Data for review:
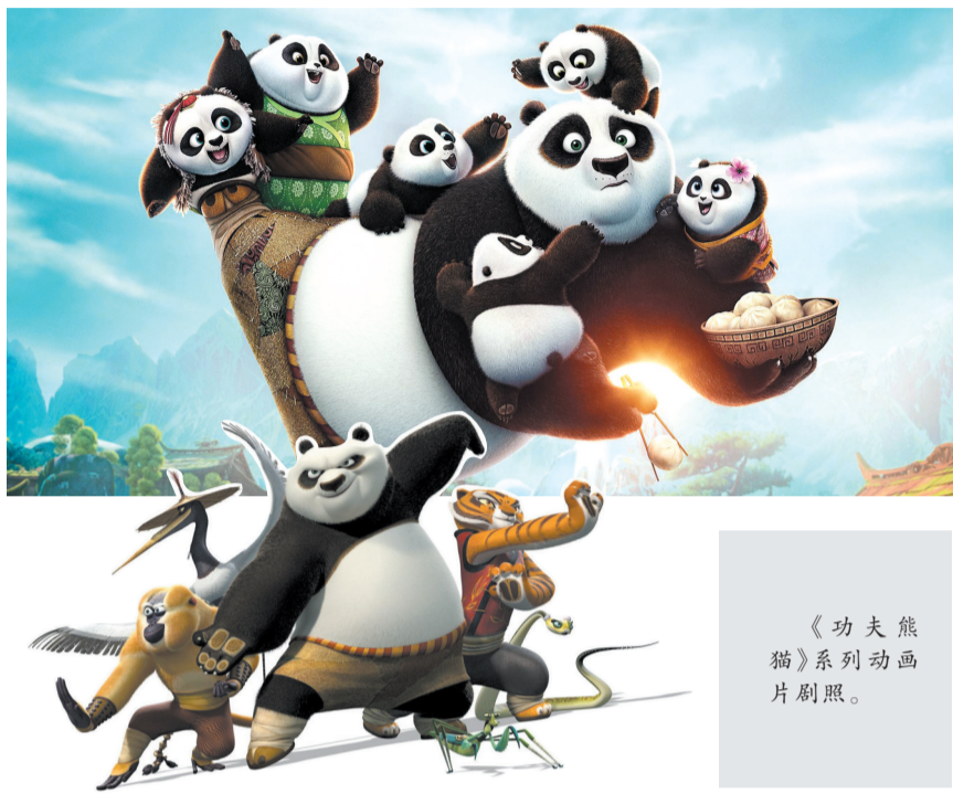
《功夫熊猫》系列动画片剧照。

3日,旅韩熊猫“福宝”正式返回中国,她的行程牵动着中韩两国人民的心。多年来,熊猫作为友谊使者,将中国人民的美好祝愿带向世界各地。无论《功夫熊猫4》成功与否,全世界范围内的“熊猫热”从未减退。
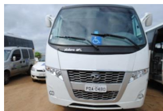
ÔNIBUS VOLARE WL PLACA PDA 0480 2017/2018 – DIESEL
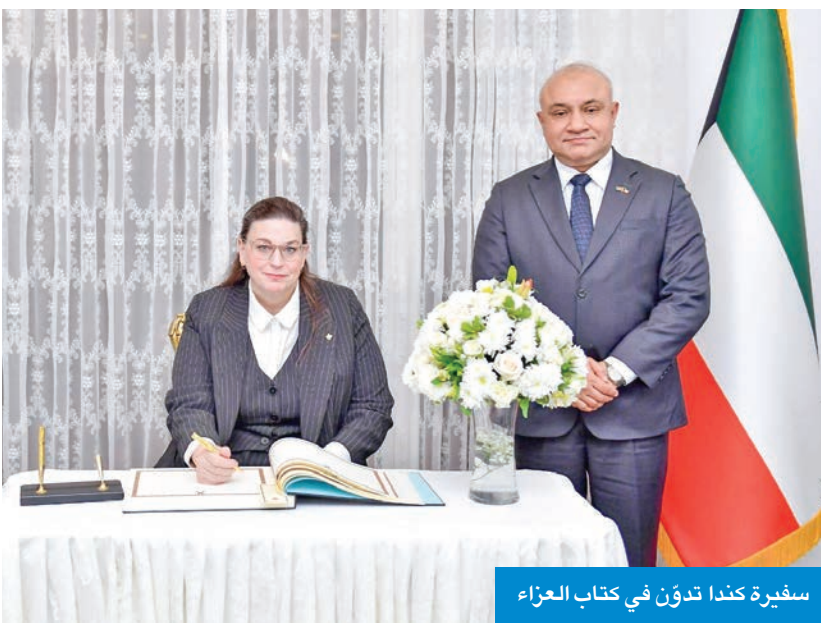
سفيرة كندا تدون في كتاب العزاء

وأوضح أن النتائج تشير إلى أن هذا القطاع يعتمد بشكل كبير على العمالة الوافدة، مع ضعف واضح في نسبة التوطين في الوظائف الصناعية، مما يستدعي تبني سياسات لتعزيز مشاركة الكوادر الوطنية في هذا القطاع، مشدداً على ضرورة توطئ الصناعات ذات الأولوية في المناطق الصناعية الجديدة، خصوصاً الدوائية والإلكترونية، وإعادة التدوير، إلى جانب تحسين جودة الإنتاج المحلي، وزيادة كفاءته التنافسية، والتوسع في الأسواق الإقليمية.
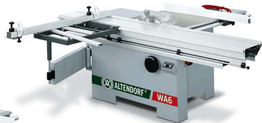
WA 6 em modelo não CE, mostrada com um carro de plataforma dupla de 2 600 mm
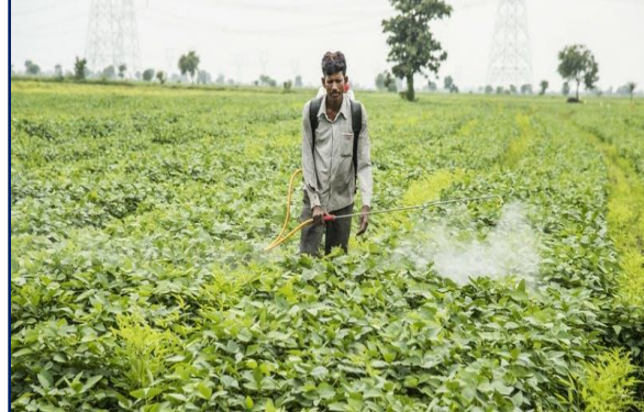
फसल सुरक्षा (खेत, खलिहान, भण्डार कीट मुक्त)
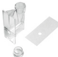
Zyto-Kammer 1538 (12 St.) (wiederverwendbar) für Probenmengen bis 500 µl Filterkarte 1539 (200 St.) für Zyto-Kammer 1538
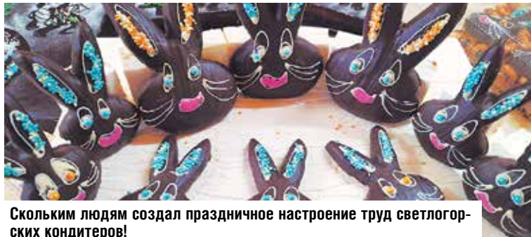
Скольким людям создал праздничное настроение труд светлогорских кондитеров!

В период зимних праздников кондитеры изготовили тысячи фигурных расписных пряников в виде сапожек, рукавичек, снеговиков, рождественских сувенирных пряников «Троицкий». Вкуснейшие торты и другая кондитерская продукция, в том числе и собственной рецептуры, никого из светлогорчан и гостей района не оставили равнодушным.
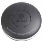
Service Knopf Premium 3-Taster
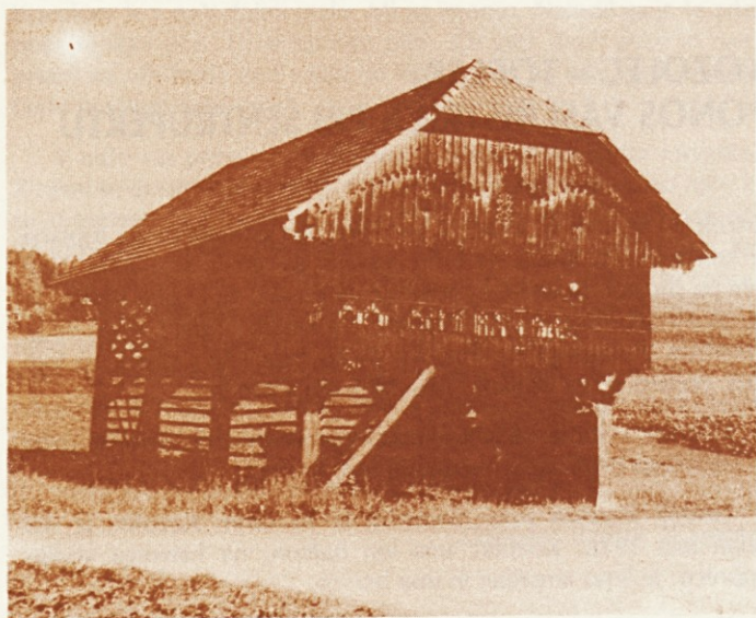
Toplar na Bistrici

--

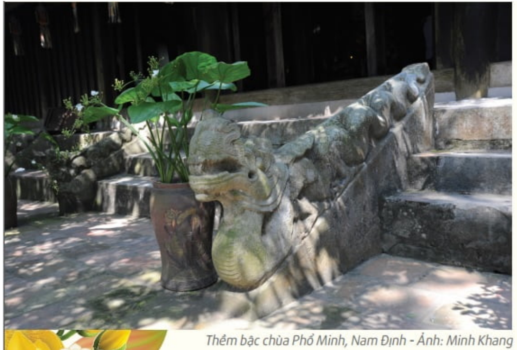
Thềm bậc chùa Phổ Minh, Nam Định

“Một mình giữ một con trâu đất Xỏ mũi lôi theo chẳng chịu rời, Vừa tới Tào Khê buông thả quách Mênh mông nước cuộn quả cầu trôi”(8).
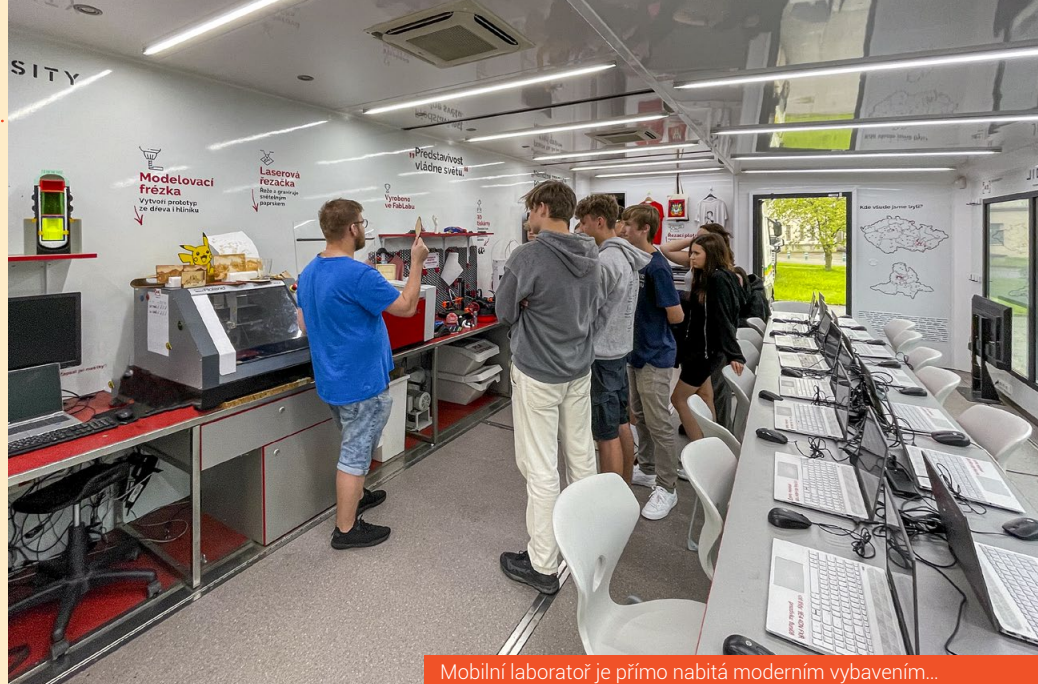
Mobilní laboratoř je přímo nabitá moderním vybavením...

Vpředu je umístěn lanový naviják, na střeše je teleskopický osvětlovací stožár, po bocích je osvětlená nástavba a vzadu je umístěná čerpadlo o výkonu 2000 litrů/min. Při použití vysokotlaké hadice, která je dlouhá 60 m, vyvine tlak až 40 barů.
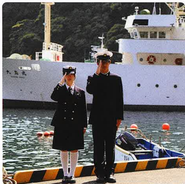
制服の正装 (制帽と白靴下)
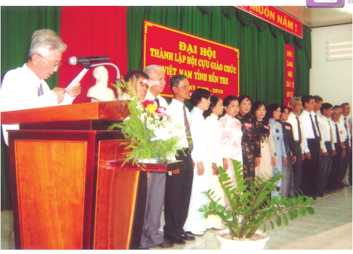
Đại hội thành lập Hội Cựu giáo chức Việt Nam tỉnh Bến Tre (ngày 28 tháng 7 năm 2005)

* * *

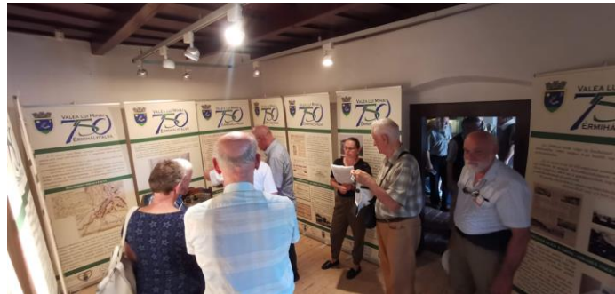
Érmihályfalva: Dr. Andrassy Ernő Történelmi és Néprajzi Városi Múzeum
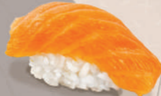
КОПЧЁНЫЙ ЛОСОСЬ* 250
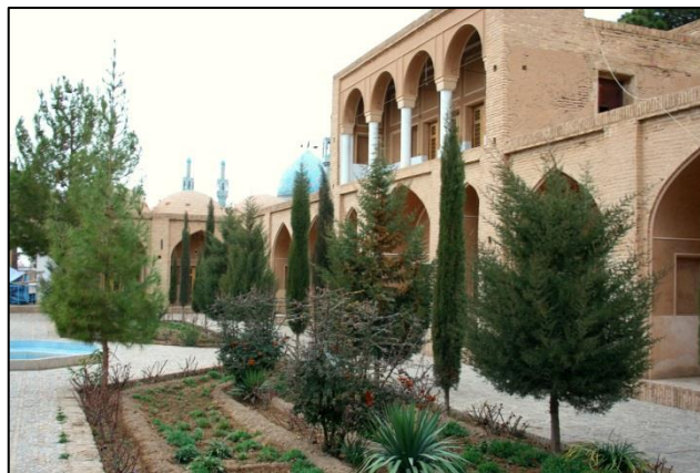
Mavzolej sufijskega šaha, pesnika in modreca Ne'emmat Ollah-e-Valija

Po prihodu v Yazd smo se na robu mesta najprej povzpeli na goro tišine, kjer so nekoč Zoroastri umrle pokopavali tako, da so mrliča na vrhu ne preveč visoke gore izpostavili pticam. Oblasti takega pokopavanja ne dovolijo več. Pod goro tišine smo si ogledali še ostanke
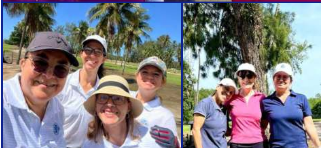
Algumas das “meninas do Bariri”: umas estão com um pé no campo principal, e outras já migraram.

The task:
Without the pictures, set down the lines above from the line with "ÔNIBUS VOLARE WL" up to and including the line with "Toplar na Bistrici" exactly as they stand.

Exercise result:
ÔNIBUS VOLARE WL PLACA PDA 0480 2017/2018 – DIESEL
سفيرة كندا تدون في كتاب العزاء

وأوضح أن النتائج تشير إلى أن هذا القطاع يعتمد بشكل كبير على العمالة الوافدة، مع ضعف واضح في نسبة التوطين في الوظائف الصناعية، مما يستدعي تبني سياسات لتعزيز مشاركة الكوادر الوطنية في هذا القطاع، مشدداً على ضرورة توطئ الصناعات ذات الأولوية في المناطق الصناعية الجديدة، خصوصاً الدوائية والإلكترونية، وإعادة التدوير، إلى جانب تحسين جودة الإنتاج المحلي، وزيادة كفاءته التنافسية، والتوسع في الأسواق الإقليمية.
WA 6 em modelo não CE, mostrada com um carro de plataforma dupla de 2 600 mm
फसल सुरक्षा (खेत, खलिहान, भण्डार कीट मुक्त)
Zyto-Kammer 1538 (12 St.) (wiederverwendbar) für Probenmengen bis 500 µl Filterkarte 1539 (200 St.) für Zyto-Kammer 1538
Скольким людям создал праздничное настроение труд светлогорских кондитеров!

В период зимних праздников кондитеры изготовили тысячи фигурных расписных пряников в виде сапожек, рукавичек, снеговиков, рождественских сувенирных пряников «Троицкий». Вкуснейшие торты и другая кондитерская продукция, в том числе и собственной рецептуры, никого из светлогорчан и гостей района не оставили равнодушным.
Service Knopf Premium 3-Taster
Toplar na Bistrici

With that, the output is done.